About this task
Copy out the data below from the line containing "當00后小李用手機語音指令啟" to the line containing "Sold by Kamprad's", both lines included, with all images left out.

Data to examine

=-=-=

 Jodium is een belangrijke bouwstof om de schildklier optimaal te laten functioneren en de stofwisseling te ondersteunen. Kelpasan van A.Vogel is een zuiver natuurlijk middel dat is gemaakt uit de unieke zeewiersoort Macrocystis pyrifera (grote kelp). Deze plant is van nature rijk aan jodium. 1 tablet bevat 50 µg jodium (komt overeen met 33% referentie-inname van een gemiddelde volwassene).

=-=-=

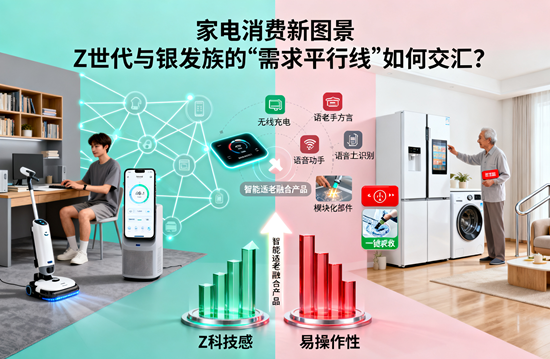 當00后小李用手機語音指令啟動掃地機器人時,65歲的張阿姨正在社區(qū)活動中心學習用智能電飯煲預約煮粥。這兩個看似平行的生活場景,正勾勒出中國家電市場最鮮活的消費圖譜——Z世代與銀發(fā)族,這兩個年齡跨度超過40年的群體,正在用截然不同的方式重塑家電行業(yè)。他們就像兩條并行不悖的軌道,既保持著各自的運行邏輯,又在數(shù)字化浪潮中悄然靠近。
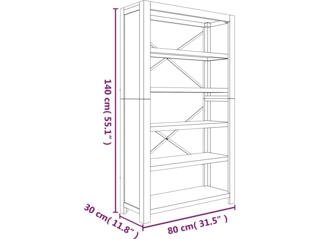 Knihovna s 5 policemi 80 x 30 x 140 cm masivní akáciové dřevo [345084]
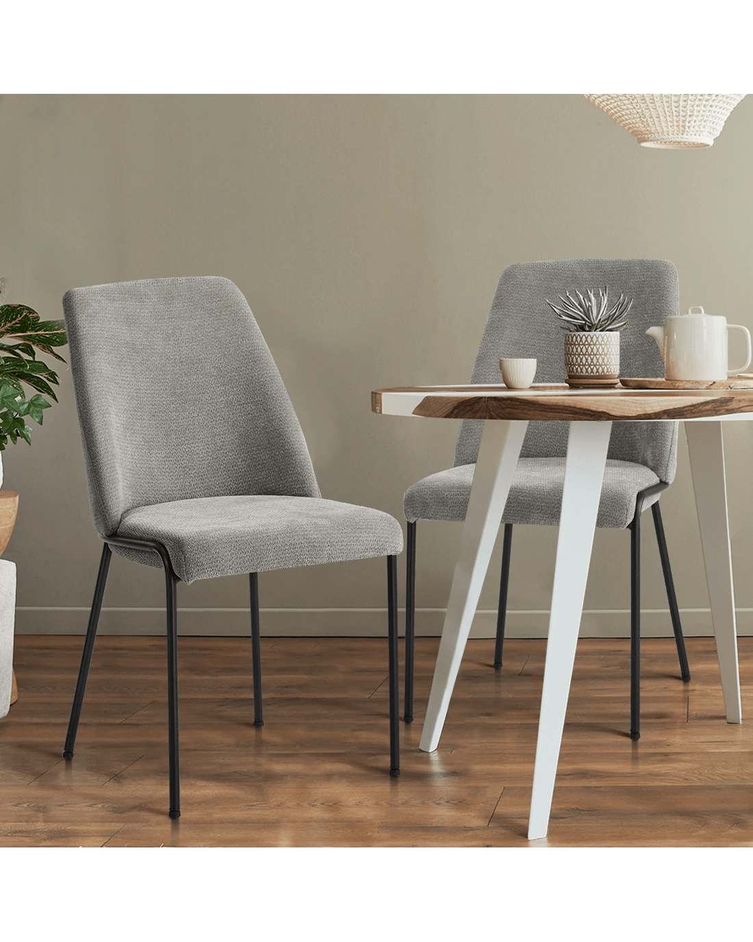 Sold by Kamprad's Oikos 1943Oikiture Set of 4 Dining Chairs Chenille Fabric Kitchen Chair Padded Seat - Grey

=-=-=

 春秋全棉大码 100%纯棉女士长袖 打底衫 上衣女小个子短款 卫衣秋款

=-=-=

Answer to the exercise
 當00后小李用手機語音指令啟動掃地機器人時,65歲的張阿姨正在社區(qū)活動中心學習用智能電飯煲預約煮粥。這兩個看似平行的生活場景,正勾勒出中國家電市場最鮮活的消費圖譜——Z世代與銀發(fā)族,這兩個年齡跨度超過40年的群體,正在用截然不同的方式重塑家電行業(yè)。他們就像兩條并行不悖的軌道,既保持著各自的運行邏輯,又在數(shù)字化浪潮中悄然靠近。
 Knihovna s 5 policemi 80 x 30 x 140 cm masivní akáciové dřevo [345084]
 Sold by Kamprad's Oikos 1943Oikiture Set of 4 Dining Chairs Chenille Fabric Kitchen Chair Padded Seat - Grey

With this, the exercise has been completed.